The teacher's son has chronic idiopathic thrombocytopenic purpura (ITP) which means that his body does not produce enough platelets.  He has had many severe bleeding episodes.  There is no treatment for this condition.  The teacher was told two years ago that he would not survive another year, but she sought help from outside traditional medicine -- both ayurvedic and homeopathic.  The homeopathy seems to be working, although the course of ITP is totally variable and he could be in a period of naturally higher platelet production.

Many of the people here at Shishur Sevay have met the teacher's son and when they met Peter they were amazed at the resemblance.  Peter's blood disorder is much more serious, though.  He has failure of all 3 blood lines: white cells, red cells AND platelets.  We found out last week that his test for Fanconi's Anemia surprisingly came back NEGATIVE.  This is a bit surprising with all of his manifestations that match Fanconi's, but not totally unexpected.  He DOES have some sort of genetic syndrome, but only two or three of them (like Fanconi's) actually have names.  We could do a chromosome study and identify exactly where the abnormalities are in his genome, but that would tell us nothing about his actual condition or prognosis.  The teacher's children have also been diagnosed with unnamed genetic syndromes.  Fanconi's is the most common, and even it is an extremely rare "orphan disease".

From what everyone is telling me, these types of disorders (known as autosomal recessive, meaning that both parents carry but do not suffer from the disorder) are more common in India than many other places.  This is due to a higher level of consanguinity between husbands and wives.  The caste system (which includes 4 major castes and thousands of subcastes) has led to a high degree of "inbreeding" across decades and centuries.  When a random mutation occurs, some of the "founder's" progeny will carry it.  As the generations accumulate, the mutation will spread within the community and eventually two people with the mutation will marry.  Then there is a one in four chance that each of their children will suffer from the full-blown genetic syndrome.

The role of consanguity in genetic syndromes is also exemplified by the Amish in America, Ashkenazi Jews the world over, and Afrikaaners in South Africa.  All of these groups have a much higher incidence of named and unnamed genetic disorders in their populations.
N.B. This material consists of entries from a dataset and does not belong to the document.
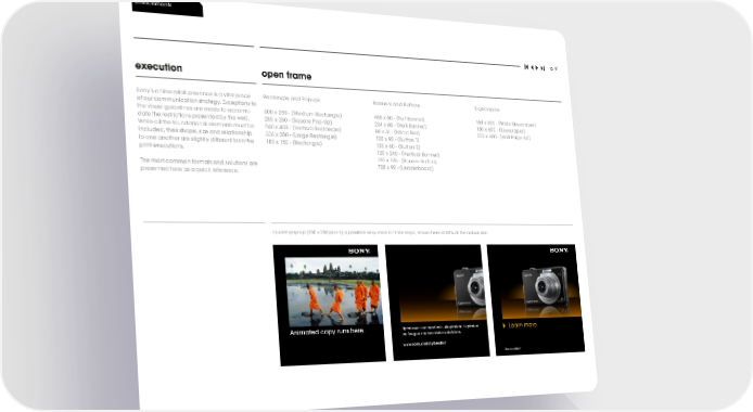 environments p. 91 execution open frame Sony’s online retail presence is a vital piece Rectangle and Popups Banners and Buttons Skyscrapers of our communication strategy. Exceptions to ( ) ( ) ( ) the visual guidelines are made to accomo- 300 x 250 - Medium Rectangle 468 x 60 - Full Banner 160 x 600 - Wide Skyscraper ( ( ) ( ) date the restrictions presented by the web. 250 x 250 - Square Pop-Up) 234 x 60 - Half Banner 120 x 600 - Skyscraper ( ) ( ) ( ) While all the foundational elements must be 240 x 400 - Vertical Rectangle 88 x 31 - Micro Bar 300 x 600 - Half Page Ad ( ) ( ) included, their shape, size and relationship 336 x 280 - Large Rectangle 120 x 90 - Button 1 ( ) ( ) to one another are slightly different form the 180 x 150 - Rectangle 120 x 60 - Button 2 ( ) print executions. 120 x 240 - Vertical Banner 125 x 125 - (Square Button) ( ) The most common formats and solutions are 728 x 90 - Leaderboard presented here as a quick reference. square pop-up (250 x 250 pixels) a possible sequence in three steps, shown here at 80% of the actual size. Animated copy runs here. Uptat exer sed mod min ulluptatem. Luptatue Learn more. ea feugue molore dolor odolobor. www.sony.com⁄cybershot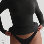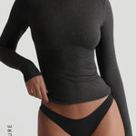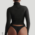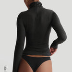 The Refined Long Sleeve Turtleneck T-Shirt features a thoughtfully engineered invisible, back zipper, designed to facilitate effortless dressing while preserving your hairstyle and makeup.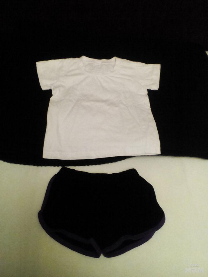 Спортивная форма футболка+шорты 2-3 г.. Футболка р. 98, шорты 92. Состояние отличное. Носили в садик по 15 мин. 2 раза в неделю около 3 мес. Шорты с малиново-фиолетоврй окантовкой, смотрятся стильнинько, движения не сковывают. 100% хлопок.Отправляю в регионы

None of this really affects Peter's outlook.  His bone marrow has failed, only 5% of his marrow cells are still present, and he will not likely survive too long.  Right now he is still entirely asymptomatic, quite amazingly so.  I had expected to see more tiredness due to his severe anemia, but his stamina seems to be the same as it's always been.  We just have to go from day to day and make the most of every moment we have.

Peter continues to touch everyone's hearts here.  When he reaches out to others, they immediately reach back to him with a warm smile and kind words.  He is so proud that he is back here with "his people".  My traveling companions and I frequently stop and look at each other in amazement as he makes friends with yet another stranger.  I have so many tales to tell!

Tomorrow we will go to Peter's orphanage (Society for Indian Child Welfare) where everyone is waiting joyfully to welcome him home.  He can't wait to slip into his favorite golden kurta-pyjama and present himself at their door.

More soon -- photos, anecdotes and ruminations.  This trip has gone so fast!